Do not share resources

High-resolution video and audio consume relevant CPU and bandwidth resources. If those resources are being shared with other applications the quality of experience will decrease. To have the best possible experience, you should recommend your end users to close all the applications that may steal CPU or bandwidth to your video service while it's executing.

Use the best connectivity you can find

Network connectivity is the most critical aspect affecting communication quality. Restricted bandwidth, high latency, and packet loss may affect very negatively your end users' experience. Hence, you should recommend using the best possible network access they may find: wired connectivity is commonly better than a wireless connection. Among wireless connections, typically corporate or cellular connectivity is better than public open shared WiFi networks.

Using maxVideoBitrate or maxAudioBitrate

Both parameters allow controlling the maximum Participant's upstream bandwidth.

  • maxVideoBitrate specifies the maximum video bitrate a participant can publish to the Room. By default, no value is set and the maxVideoBitrate is unlimited. In that case, the bitrate is only limited by the Twilio client SDK using an algorithm that considers the available bandwidth and CPU resources. In general, we recommend trusting that algorithm and avoid setting the maxVideoBitrate. However, in devices with restricted CPU or battery life we recommend setting maxVideoBitrate to a value between 500000 and 2000000 bps per track. Note, if a Participant is Publishing N video tracks then each video track will be limited to consuming maxVideoBitrate/N.
  • maxAudioBitrate specifies the maximum audio bitrate published by a Participant. It only takes effect when using Opus (i.e. it has no effect on PCM codecs). By default it is unset and Opus is configured with its default settings consuming between 20Kbps and 40Kbps. Twilio's recommendation is to keep the default. However, when the audio is human speech, we may restrict maxAudioBitrate to 16Kbps to save bandwidth without any significant quality degradation. Do not restrict maxAudioBitrate if you intent to communicate music or other type of audio signal beyond human speech.
RecommendationWhen to use it
maxVideoBitrateKeep default (unset)In mobile platforms keep it between 500000 and 2000000 bps per video track
maxAudioBitrateKeep default (unset)In speech communications keep it over 16000 bps per audio track

Use GLL

On the Internet, latency and packet loss depend on geolocation. When the connection between a sender and a receiver spans the globe, latency and jitter are increased by the distance between the parties. Packet loss is also more likely, due to the number of routers in the connection path. Due to this, the Twilio infrastructure that serves your rooms should be as close as possible to your clients. Otherwise, quality may be affected:

  • Connectivity time may increase.
  • Media latency and packet loss may increase making the fidelity drop.

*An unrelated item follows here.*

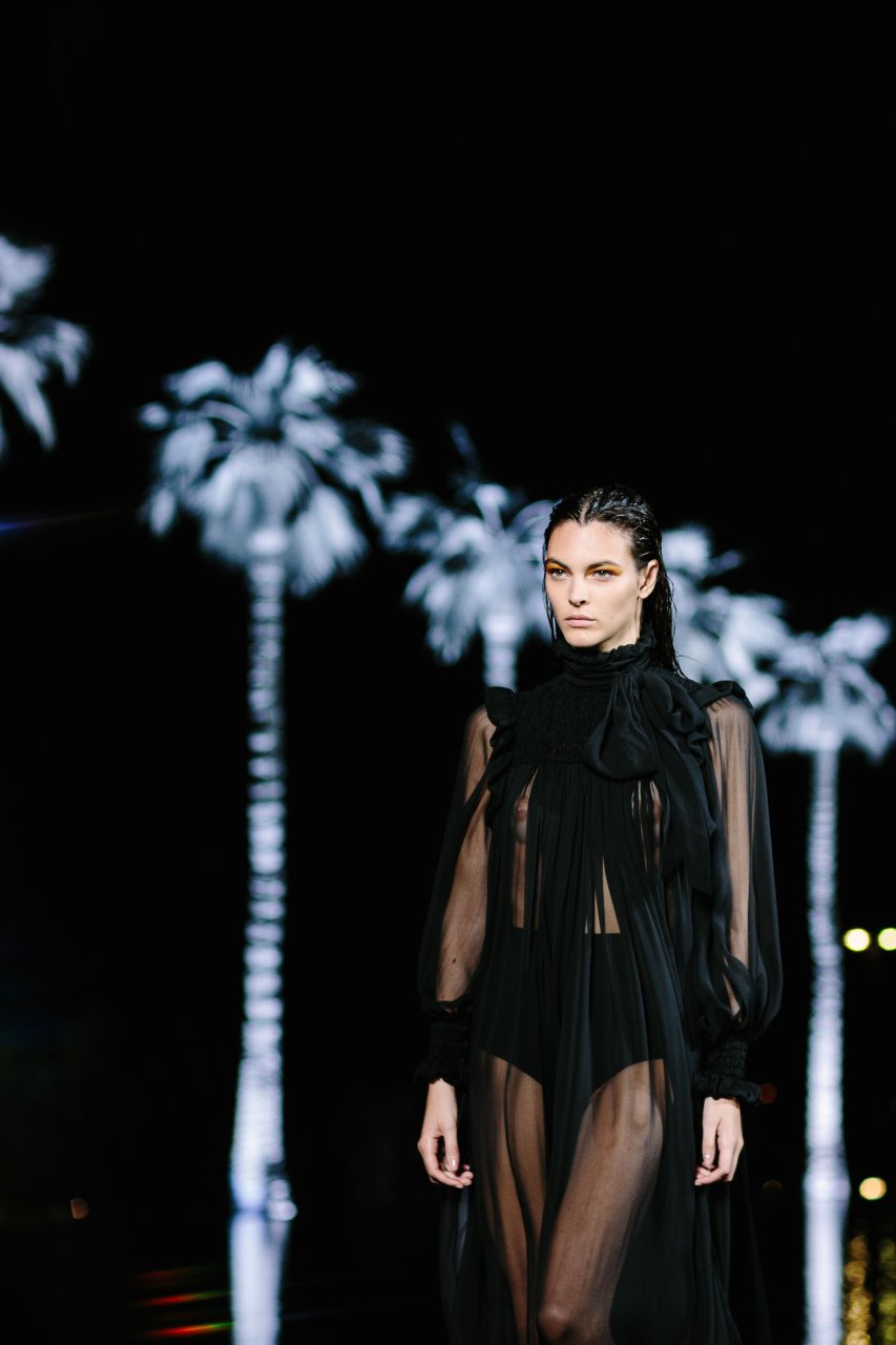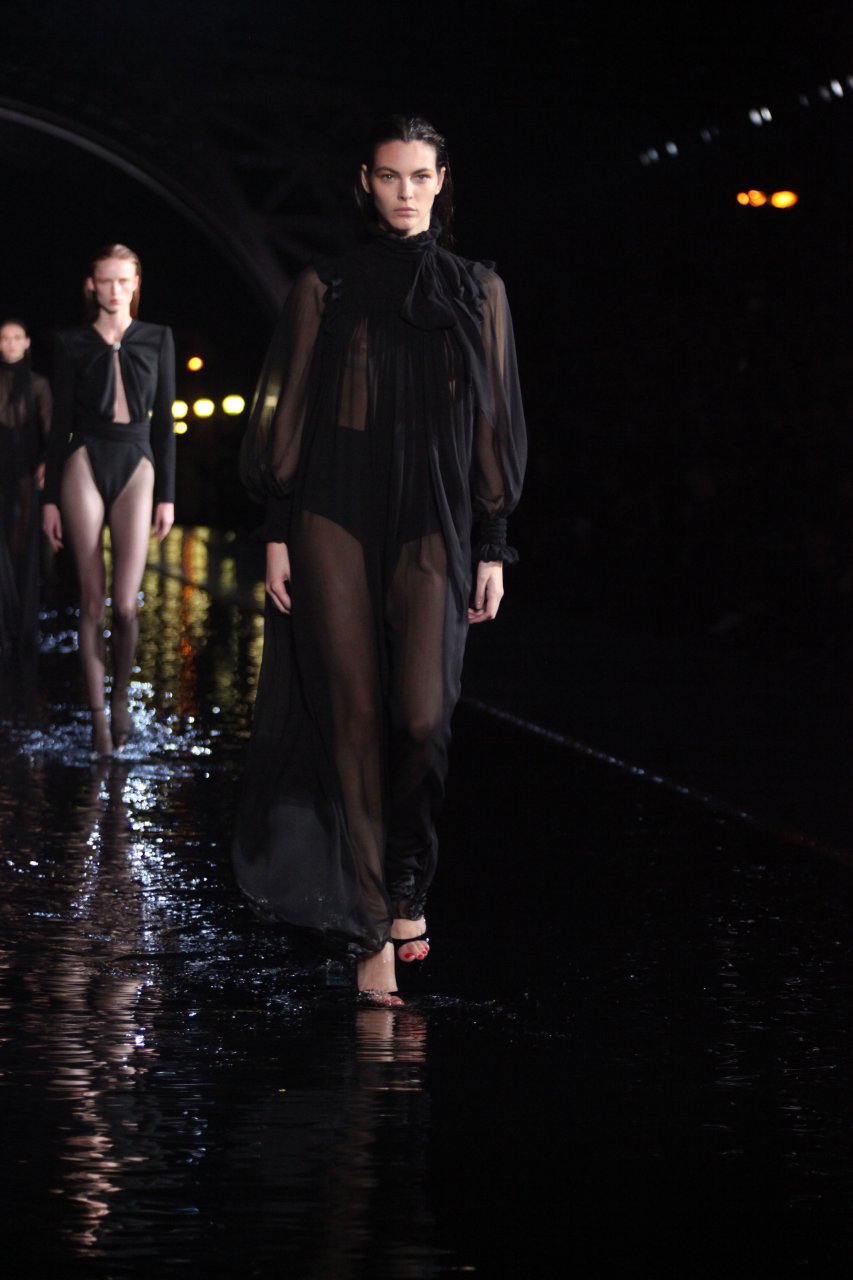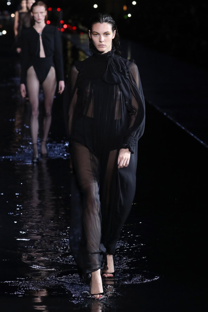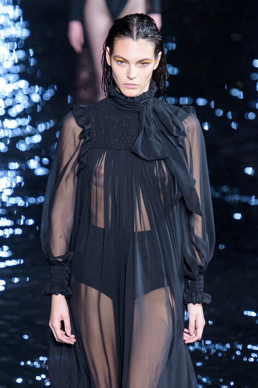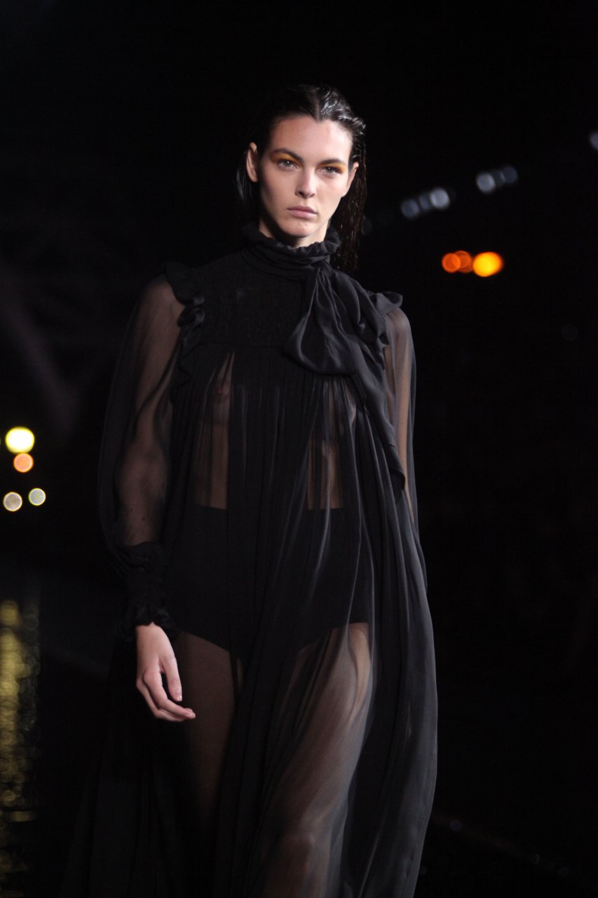 La modelo Vittoria Ceretti (20) mostró sus pequeños pechos en el último desfile de moda Saint Laurent Primavera/Verano 2019 durante la Semana de la Moda de París, 25/09/2018.

To minimize these problems, Twilio makes it possible to specify the signaling and media regions for your Rooms. However, determining what's the closest region for a participant is not always trivial. For this reason, we recommend developers use GLL (Global Low Latency). When GLL is specified, Twilio will automatically choose the region that minimizes latency. See our Video Regions and Global Low Latency documentation for further insight.

Measure

Quality should be understood as a process. You should try to measure both your end users' perception as well as the many different factors that may affect it including CPU consumption and network connectivity metrics. You may find Twilio's Network Quality API interesting for the latter. With that information, try to understand your end users' pain points and design a strategy to minimize them. Periodically repeating the measure-analyze-implement cycle is the best way to guarantee you are offering the best possible quality of experience to your users.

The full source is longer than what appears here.